Two-factor authentication (2FA) secures user accounts by requiring users to enter an additional verification code when signing in on the Web Console.

See the following topics for more details:

Who Can Enable 2FA for User Accounts

  • All users can enable 2FA for their own user accounts.
  • If 2FA is not globally enforced, all users can disable 2FA for their own user accounts.
  • To enable 2FA on user accounts other than your own, you must be a Global Admin or System Manager.
  • To enforce 2FA for all user accounts, you must be a Global Admin or System Manager.

See User Permissions for more information.

Enable 2FA for Own User Account

As an individual user, you can enable 2FA for your own user account by doing the following:

  1. Log into the Web Console.
  2. Go to the MY ACCOUNT > MY ACCOUNT DETAILS page.
  3. Set the toggle button to On for Two-factor Authentication (2FA). er2-2fa-own-user-account.png
  4. Select Setup 2FA to set up your authenticator device. Otherwise, you will be prompted to set up your authenticator device the next time you sign in.

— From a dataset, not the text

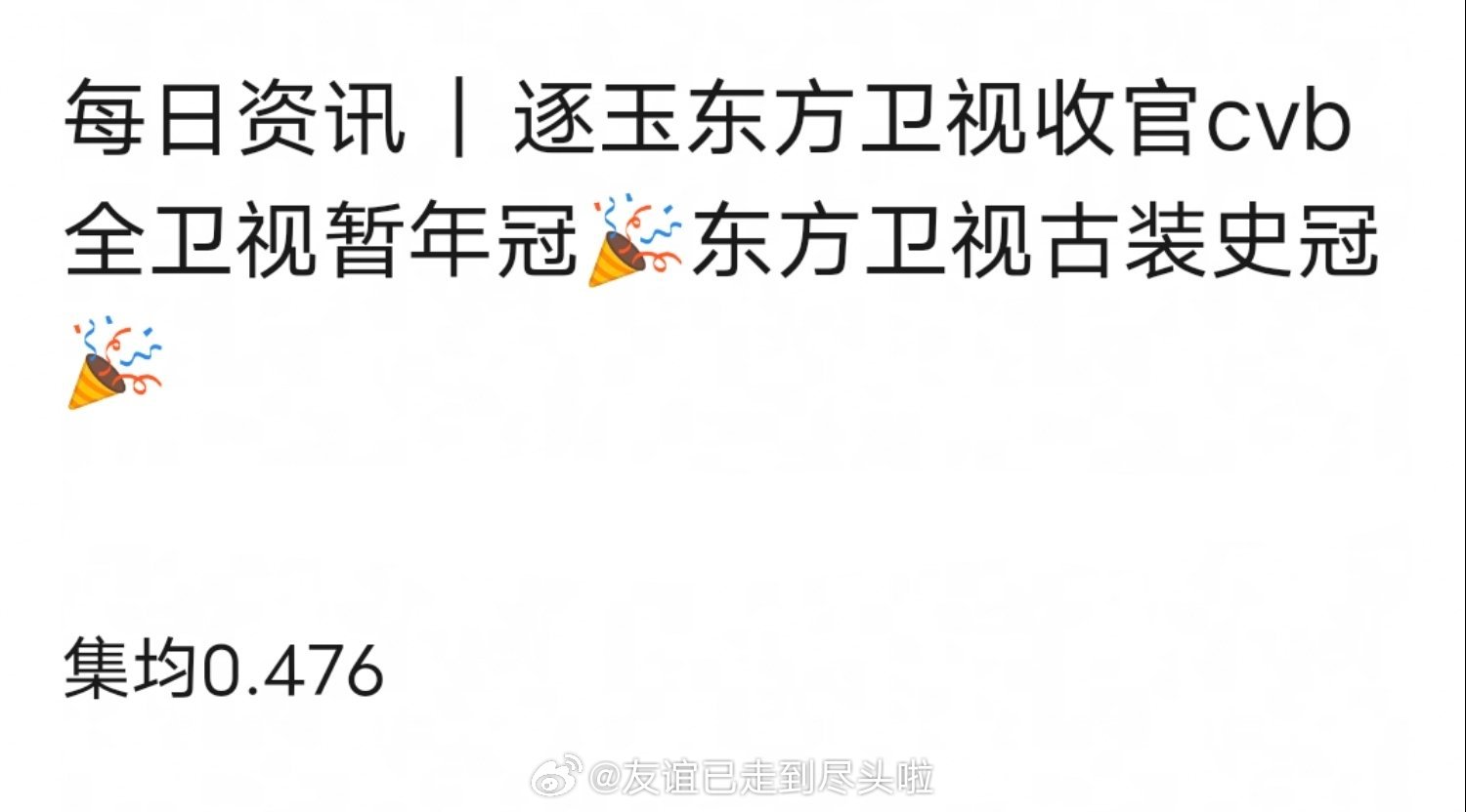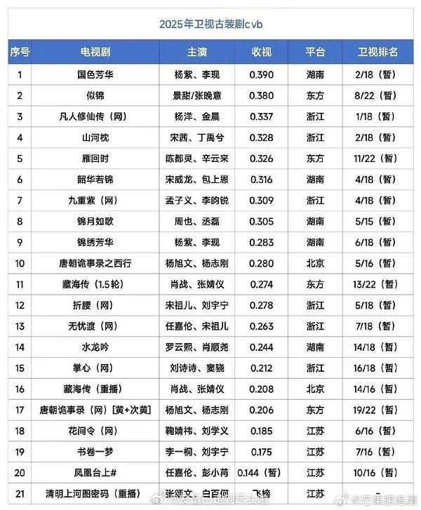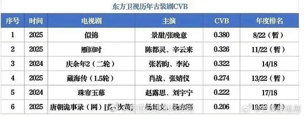 张凌赫田曦薇《逐玉》东方卫视收官,集均0.476,cvb全卫视暂年冠&古装史冠。
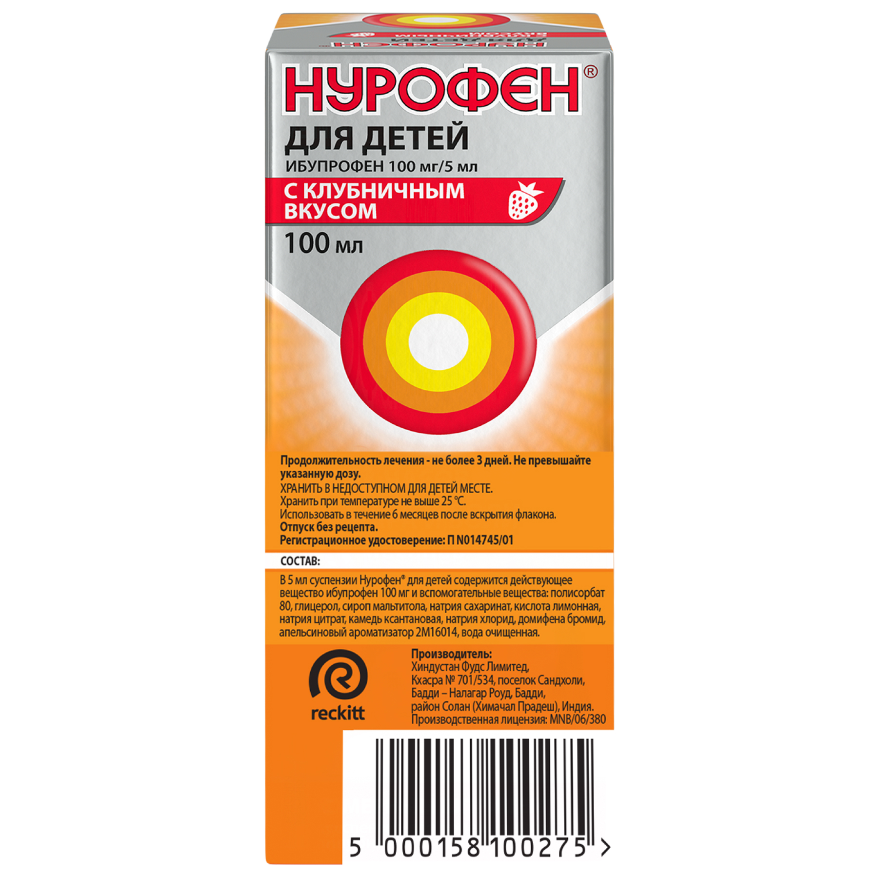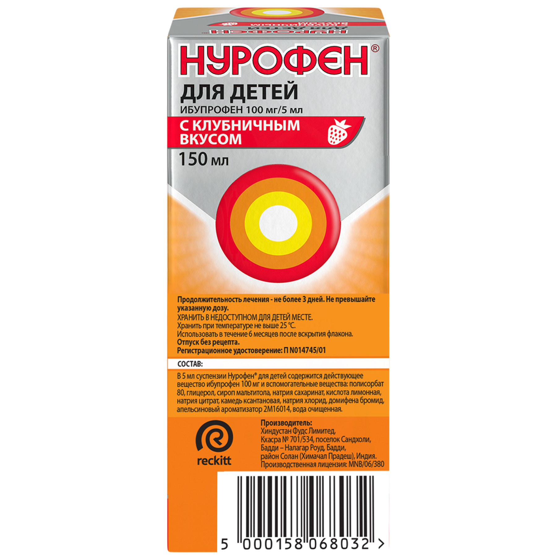 Нурофен суспензия для приема внутрь для детей с 3 месяцев 100мг/5мл 150мл апельсин

Enable 2FA for Individual User Accounts

As a Global Admin or System Manager, enable 2FA on a single user account by doing the following:

  1. Log into the Web Console.
  2. Go to the USERS AND SECURITY > USER ACCOUNTS page.
  3. Click Edit for the selected user.
  4. Set the toggle button to On for Two-factor Authentication (2FA) and click Save.
    er2-2fa-set-global-manager.png

The user will be prompted to set up 2FA authentication the next time they sign in.

Enforce 2FA for All Users

As a Global Admin or System Manager, enforce 2FA for all users by doing the following:

  1. Log into the Web Console.
  2. Go to the USERS AND SECURITY > SECURITY AND COMPLIANCE page.
  3. Under the Account Security > Two-factor Authentication section, set the toggle button to On to enforce 2FA for all users.
    er2-2fa-enforce.png

All users will be prompted to set up 2FA authentication the next time they sign in.

Set Up 2FA

To set up 2FA for your user account, you must have a two-factor authenticator app that supports time-based one-time password (TOTP) installed on your mobile device. For example:

  • Google Authenticator
  • LastPass Authenticator
  • Microsoft Authenticator
  • Authy

Once installed, do the following:

  1. In the Web Console, open the Setup Two-factor Authentication dialog box by doing one of the following:
    1. When enabling 2FA for your own user account, click the Setup 2FA button that appears next to the Enable Two-factor Authentication (2FA) toggle button; or
    2. If 2FA has already been enabled but not set up for your user account, you will be prompted to set up 2FA the next time you sign in. When prompted to set up 2FA, click Proceed.
  2. Launch the authenticator app on your mobile device.
  3. In Google Authenticator, Add an account and select Scan a barcode.
  4. Scan the QR Code displayed on the Setup Two-factor Authentication dialog box.
  5. Verify that 2FA has been correctly set up by entering the 6-digit code displayed on Google Authenticator into the Enter Code field.
  6. Click Continue to complete the setup.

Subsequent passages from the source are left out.